WORK REQUEST
The listing below is to be given again in full and word for word, without its images.

RECORDED DATA
○ ○ ○

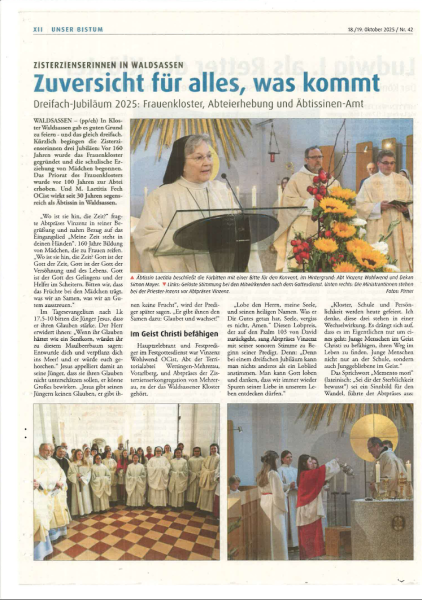 Im Kloster Waldsassen wurde am vergangenen Sonntag ein großes Fest gefeiert. Denn die Zisterzienserinnen begingen gleich drei Jubiläen auf einmal: Vor 160 Jahren wurde das Frauenkloster gegründet und die schulische Erziehung von Mädchen gestartet. Vor 100 Jahren wurde das Priorat des Frauenklosters zur Abtei erhoben. Und M. Laetitia Fech OCist ist seit 30 Jahren Äbtissin in Waldsassen.
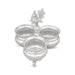 • The kumkum holder is an indispensable tool for traditional pooja ceremonies. The three cups can be filled with chandan (sandalwood paste), kumkum, and other ritualistic offerings. Typically, the chandan cup is used to apply sandalwood paste to the idols, while the kumkum holder is used to offer vermilion during prayers. The white metal ensures longevity, making this set suitable for both regular and special pooja events.
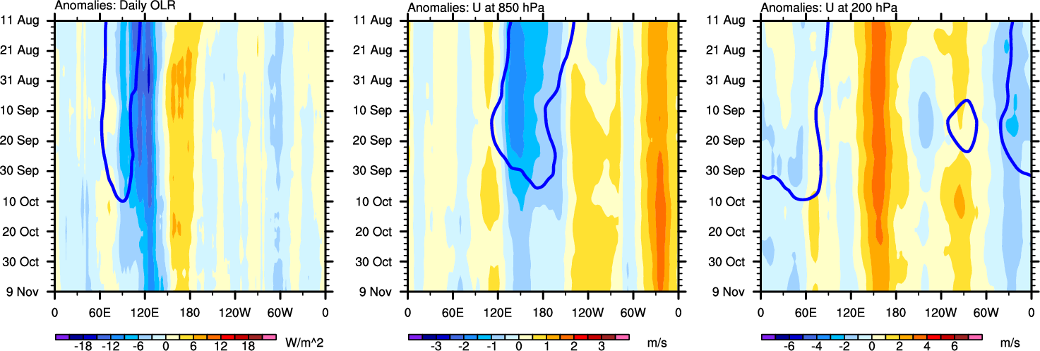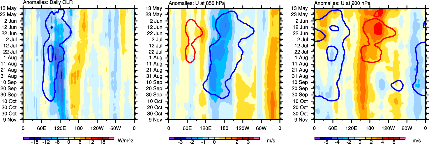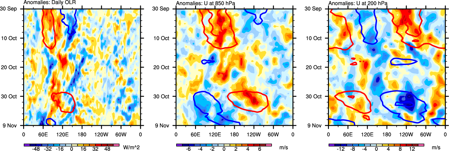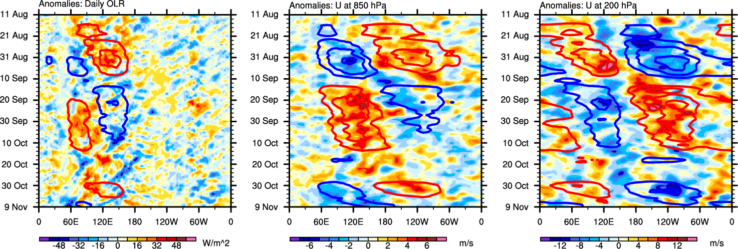 The Hovmollers show longitude-time plots for OLR, U-850, and U-200. The shading indicates the observed anomalies, while the contours are the projection of those anomalies onto the RMM EOFs.

○ ○ ○

WRITTEN RESPONSE
 Im Kloster Waldsassen wurde am vergangenen Sonntag ein großes Fest gefeiert. Denn die Zisterzienserinnen begingen gleich drei Jubiläen auf einmal: Vor 160 Jahren wurde das Frauenkloster gegründet und die schulische Erziehung von Mädchen gestartet. Vor 100 Jahren wurde das Priorat des Frauenklosters zur Abtei erhoben. Und M. Laetitia Fech OCist ist seit 30 Jahren Äbtissin in Waldsassen.
 • The kumkum holder is an indispensable tool for traditional pooja ceremonies. The three cups can be filled with chandan (sandalwood paste), kumkum, and other ritualistic offerings. Typically, the chandan cup is used to apply sandalwood paste to the idols, while the kumkum holder is used to offer vermilion during prayers. The white metal ensures longevity, making this set suitable for both regular and special pooja events.
 The Hovmollers show longitude-time plots for OLR, U-850, and U-200. The shading indicates the observed anomalies, while the contours are the projection of those anomalies onto the RMM EOFs.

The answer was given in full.